The epic history of Istanbul begins with the Greeks coming from Megara in 685 BC and establishing the first city in the region today called the historical peninsula.
With the Dors founding the city of Kalkedon (today's Kadikoy), Istanbul with two sides appears. Bosporus flowing between them!
There is a mythological story about the Byzantines naming the Bosphorus as "Bosporus", meaning "cow pass" in ancient Greek.
In ancient Greek mythology, the god Zeus, married to the goddess Hera, falls in love with a princess named Io and begins to meet her secretly from his wife Hera. Hera suspects something and one day, when Zeus and Io are together, she makes a sudden raid on them. Zeus covers the surroundings with clouds to hide the situation, but Hera disperses these clouds in anger.
Realizing that he cannot prevent Hera, Zeus turns Io into a cow to hide him. This would not be enough for Hera's anger to subside. He asks his wife to give it to him as a gift, and a horse fly infests the cow. The cow, which hurts more than the bites of the fly, starts to run from place to place and the valley fills with water as it crosses from one continent to another. The strait known today as the Bosphorus is formed. Namely Bosporus: Cow pass. A slit made by the horns of the cow, which shakes its head in pain, is also covered with water, and the name of the place is the "golden horn", that is, the Golden Horn.
A history that doesn't fit in the pages
This city has a history that does not fit into the pages. But we can briefly describe it like this:
- The settlement on the historical peninsula, founded by the Megarians in the 7th century B.C, was called Byzantion. In 324 A.C., the Roman Emperor Constantine changed the name of the city to Constantinopolis (Constantine's City) and made the city the capital of the Roman Empire.
- In 537 A.C., Byzantine Emperor Justinian I started the construction of the Hagia Sophia church.
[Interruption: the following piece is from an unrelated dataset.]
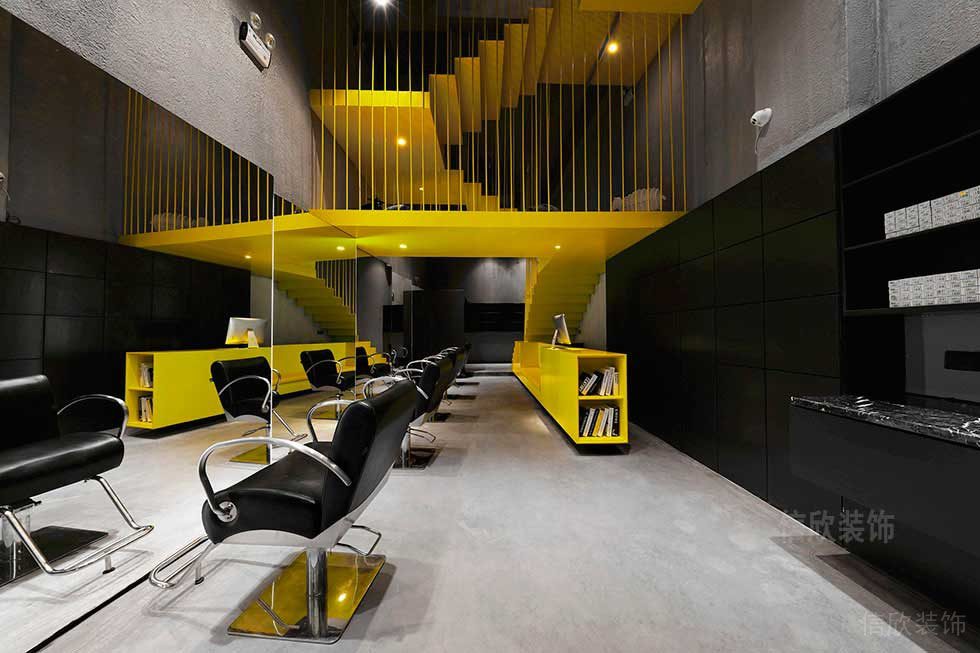 由外往內(nèi)一望,巨大的黃色樓梯裝置如雕塑般躍然于空間之中,強烈的視覺沖擊力營造出新都市時尚感,油然而生的想法:這是一個很酷的美發(fā)空間。

This church became the largest church in the Byzantine Empire.
- In 1204 A.C., Istanbul was occupied by the Crusaders and the city was sacked.
- In 1453, the sultan of the Ottoman Empire, Fatih Sultan Mehmed, conquered Istanbul at the age of 21 and the city became the capital of the Ottoman Empire.
Topkapi Palace was built in 1478 and Dolmabahce Palace was built in 1876. The empire, which ruled 3 continents until the abolition of the sultanate in 1922, was ruled from these two palaces.
- In 1923, with the founding of the Turkish Republic, Istanbul became one of the largest and most important cities in modern Turkey.
- After the 1950s, Istanbul experienced a rapid urban transformation and the city turned into the locomotive city of modern Turkey.